5 Reaktionen zu “ScienceBlog: Vernetzte DNA”

  1. Argent23 sagt:

    Cool, das Paper liegt seit ein paar Tagen schon bei mir auf dem Lesestapel. Jetzt ist es bis ganz nach oben gerutscht ;-)
    Mich interessiert das, weil ich mit jeder Menge Mutagenen arbeite, unter anderem mit Crosslinkern wie Cisplatin und Mitomycin C. Eine Erklärung, die ich zumindest für MMC schon mal gefunden habe hat mir der Erkennung des Schadens zu tun: Dieser Crosslink wird von den Reparaturproteinen nicht erkannt und darum erstmal nicht repariert. Erst wenn dann die Replikationsgabel stehen bleibt weil die replikative Helikase die beiden Stränge nicht mehr trennen kann wird ne Reparatur eingeleitet. Das wurde daran gezeigt, dass im Zellzyklus erst während der S-Phase angehalten wird, die vorherigen Kontrollpunkte werden nicht aktiviert.

  2. caesar sagt:

    Wie gesagt, der Mechnaismus mit der zeitlichen Abfolge wurde sehr genau untersucht. So bleibt die Polymerase ca. 20-24 nt auf beiden Seiten vor dem Crosslink hängen, weil sie einfach nicht weiter kommt.

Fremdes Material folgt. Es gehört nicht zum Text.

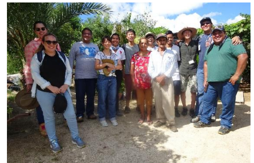
メキシコシティ研修

Nach ungefähr 20 Minuten wird dann eine Seite bis an den Crosslink heran verlängert, dann erfolgt intersection (die “Arme” werden abgeschnitten) und translesion (der Crosslink wird überlesen und irgendwie homolog rekombiniert). Insgesamt recht kompliziert und ich muss zugeben, dass ich auch nicht alles 100%ig durchschaut habe. Trotzdem ein wirklich gutes Paper.

  3. Argent23 sagt:

    Gestern bin ich endlich dazu gekommen das Paper zu lesen. (Dazwischen kamen so zwei oder drei Paper raus, die mein eigenes Gebiet ordentlich aufgerüttelt haben. Dazu muss ich dann auch noch was schreiben.) Ich muss schon sagen: Super Paper! Ich gestehe es hier ganz öffentlich, ich stehe total auf die Untersuchung von den Vorgängen an der DNA mit Sequenziergelen! Science Porn eben

  4. Alexander sagt:

    Hey, letzte Woche hab ich doch tatsächlich den Markus Räschle auf nem netten kleinen Meeting kennengelernt! Wir waren beide ein wenig Außenseiter, als in Deutschland arbeitende auf nem Schweiz-Japan Meeting. Der Räschle kommt ja wenigstens aus der Schweiz, der hatte zumindest ne halbe Anwesenheitsberechtigung ;-)

  5. caesar sagt:

    Markus ist wirklich ein sehr angenehmer Zeitgenosse. Wir hatten noch ein paar sehr schöne Diskussionen und ich konnte ihm sogar ein paar Sachen zeigen, die er so noch nicht kannte.
    Ich weiß nur, dass er jetzt am MPI geblieben ist und dort, denke ich mal, eine Anstellung bekommen hat. Aber zumindest seit ich weg bin, haben wir keinen Kontakt mehr gehabt. Ich hoffe aber, dass wir uns noch mal irgendwie sehen werden, da wird sich schon Gelegenheit zu ergeben.